The job details page has the following five tabs. We recommend using them in this order: first check the progress, then analyze the behavior, and finally drill down if you encounter issues.
|
Tab |
Purpose |
Use case |
|
Details |
Job progress and status |
Always check this tab first |
|
Trajectory |
What the model did and why it received its score |
Verify model behavior and diagnose low-scoring samples |
|
Metrics |
Quantitative training trends |
Analyze curves to determine convergence and identify inflection points |
|
Outputs |
checkpoint list and publishing |
Select a model after training is complete |
|
Logs |
stdout, stderr, and error stack traces |
Troubleshoot FAILED jobs |
Details tab
View basic job information, such as the job ID, training model, training method (RL full-parameter training), and data configuration.

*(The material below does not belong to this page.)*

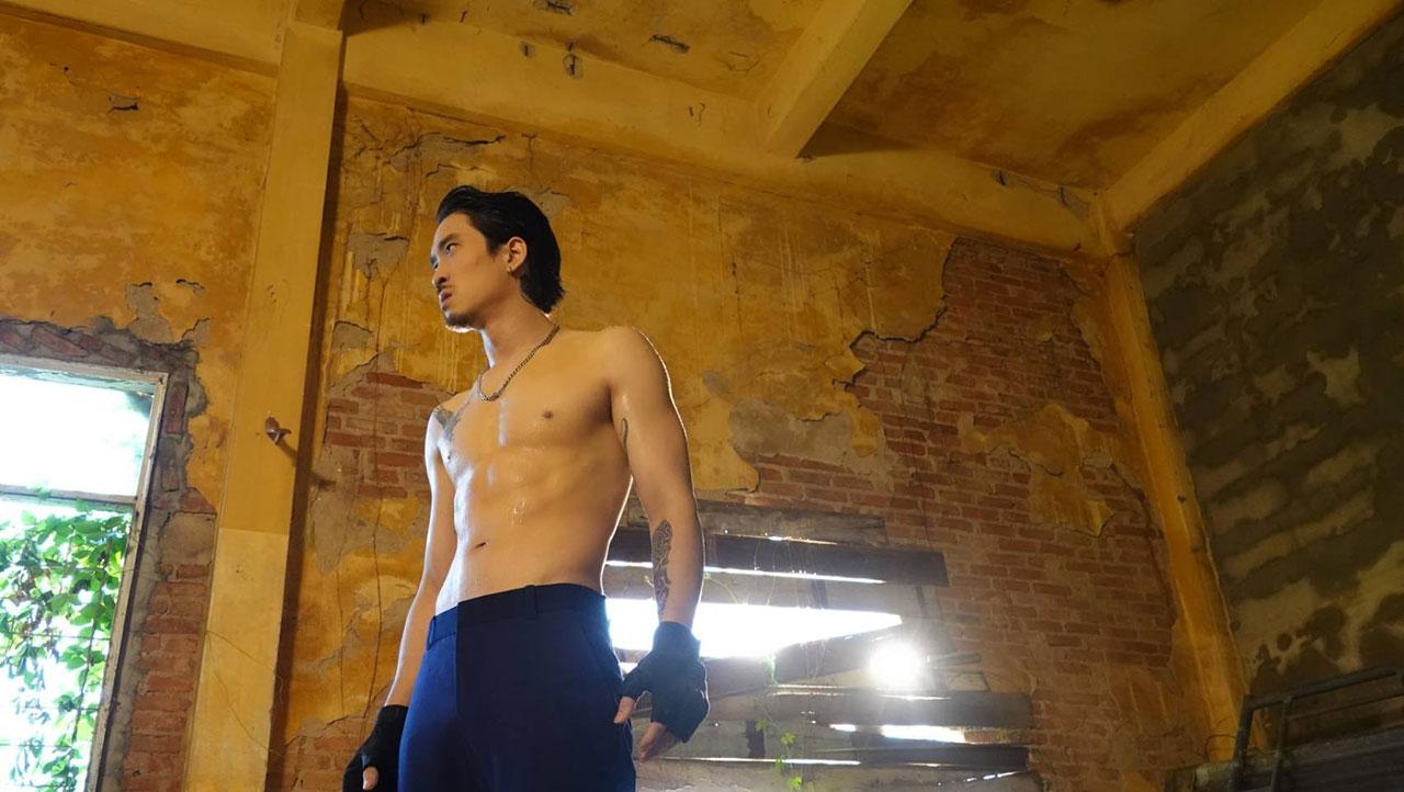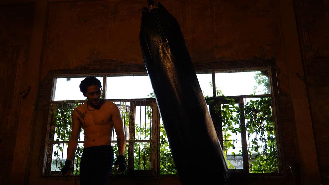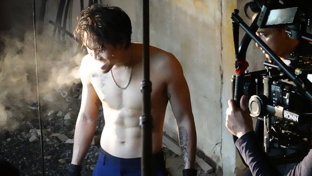 เมื่อทุกอย่างพร้อม การถ่ายทำก็เริ่มขึ้น ทีมกล้องขึ้นที่หน้าของหนุ่มเฟยที่กำลังมุ่งมั่นกับการซ้อมกระสอบทรายกับหุ่นที่ได้รูป กล้ามเป็นมัดๆ ซิกซ์แพ็กมาแน่นๆ กับอารมณ์ดาร์กๆ ทั้งต่อย ทั้งเตะ รัวหมัดแบบไม่ยั้ง สุดท้ายด้วยการกระโดดเตะจนหนำใจ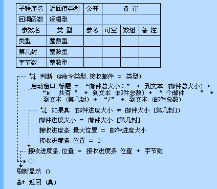 必需的;子程序指针。本参数表示函数的地址,是易语言定义的子程序的地址。为0表示取消注册的回调函数。子程序的参数第一个为“整数型”表示接收邮件命令类型值,是“命令类型”数据类型中的常量值;参数第二个为“整数型”表示接收第几封邮件;参数第三个为“整数型”表示本次接收到的数据量单位为字节。子程序返回值为逻辑型。返回真表示继续接收此邮件,返回假表示不接收此邮件。 |

Pay close attention to the job status:
-
PENDING: The job is queued and waiting for resource allocation.
-
RUNNING: Training is in progress. You can switch to other tabs to view real-time data.
-
SUCCESS: Training is complete. Switch to the Outputs tab to publish the model.
-
FAILED: Training failed. Check the Logs tab or retrieve logs using the SDK or CLI:
AgenticRL.logs(job_id="ft-xxx")ordashscope rl logs "ft-xxx".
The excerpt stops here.